外国人が今のビザで働けるか確認するには?

日本に滞在している外国人を採用する際、その人が就労可能かどうかは「在留カード」で確認することができます。採用前に、最低限以下の3点を必ず確認しましょう。

在留資格の種類

在留期間

就労制限の有無

在留資格の種類を確認する

在留カードには、その外国人が保有している在留資格が記載されています。就労可能な在留資格として、上記の16種類の「就労ビザ」があります。(例:技術・人文知識・国際業務、介護、技能など)。

在留カードにこれらの在留資格が記載されていない場合は、現在の在留資格に応じて対応が異なります。

【家族滞在・留学】などの在留資格を持っている場合

原則として就労できません。

ただし、「資格外活動許可」を得ていれば、週28時間以内のパート・アルバイトが可能です。この許可の有無は、在留カードの裏面に押印されたスタンプで確認できます。

【永住者・定住者・日本人の配偶者等】の在留資格を持っている場合

どのような職種でも勤務可能です。

これらのビザを保有する人は、就労ビザのように業務内容との関連性を考慮する必要はありません。また、職種による就労制限もありません。

在留期間

在留期間が満了していないか確認する必要があります。満了している場合は、その理由を確認して本人から確認してください。

就労制限の見方(在留カードの裏面に記載)

表記内容
記載なし就労制限なし(永住者、日本人の配偶者など)
就労不可原則として働けない(留学生など)
指定書により指定指定された範囲内での就労可(技術・人文知識・国際業務など)

「就労不可」とあっても、「資格外活動許可」があれば週28時間以内のアルバイトは可能です。

就労ビザの申請方法・申請先・申請の流れ

外国人が働くためには、ビザ申請書類を入管(出入国在留管理庁)に申請して許可を得る必要があります。

主な申請方法

事例申請方法誰が申請?
海外から外国人を呼びよせる在留資格認定証明書交付申請(認定)企業が入管に申請
国内在住の外国人を雇用在留資格変更許可申請(変更)外国人本人が申請
現在のビザの延長在留期間更新許可申請(更新)外国人本人が申請

就労ビザの申請先(海外から外国人を呼び寄せる場合)

申請者である外国人が住む予定の所在地か勤務予定の会社の所在地を管轄する地方出入国在留管理庁が申請先になります。本人に代わり受入企業、あるいは受入企業から依頼を受けた行政書士などの専門家が代行申請できます。
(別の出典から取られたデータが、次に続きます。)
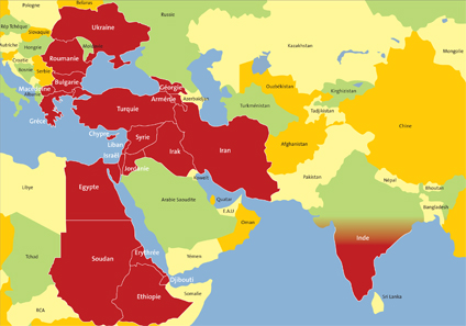 Éthiopie, Erythrée, Djibouti, Soudan, Égypte, Liban, Israël, Palestine, Jordanie, Syrie, Irak, Iran, Géorgie, Grèce, Bulgarie, Turquie, Ukraine, Roumanie, Arménie, Inde, Chypre, Macédoine

就労ビザ申請の流れ(海外から外国人を呼び寄せる場合)

1. 採用計画の立案
  ↓
2. 求人募集・応募受付
  ↓
3. 面接の実施(現地 または オンライン)
  ↓
4. 雇用契約の締結
  ↓
5. ビザ申請書類の準備(在留資格認定証明書交付申請)
  ↓
6. 入管へ申請(書類審査)
  ↓
7. 許可・証明書の交付(約1〜3ヶ月)
  ↓
8. 外国人が現地日本大使館・領事館でビザ取得
  ↓
9. 入国・入社・就労開始

ビザ審査にかかる期間

就労ビザの審査には、通常1〜3か月程度かかります。

審査期間が長引く可能性があるケース

・多くの申請が集中する首都圏の入管への申請

・新学期が始まる前の1月〜3月の繁忙期

書類に不備・不足がある場合

申請の種類別の標準処理期間

申請の種類標準処理期間補足
在留資格認定証明書交付申請
(海外からの呼び寄せ)
1ヶ月〜3ヶ月審査期間を考慮し、早めの申請をおすすめします。
在留資格変更許可申請
(他のビザから就労ビザへの変更)
2週間〜1ヶ月在留期間満了日の3ヶ月前から申請可能です。卒業予定の留学生は、卒業前に「留学ビザ」から「就労ビザ」への変更申請が必要です。
在留期間更新許可申請
(ビザの延長)
2週間〜1ヶ月就労ビザを保有している方で転職後の初回更新の場合、これ以上に審査期間がかかることがあります。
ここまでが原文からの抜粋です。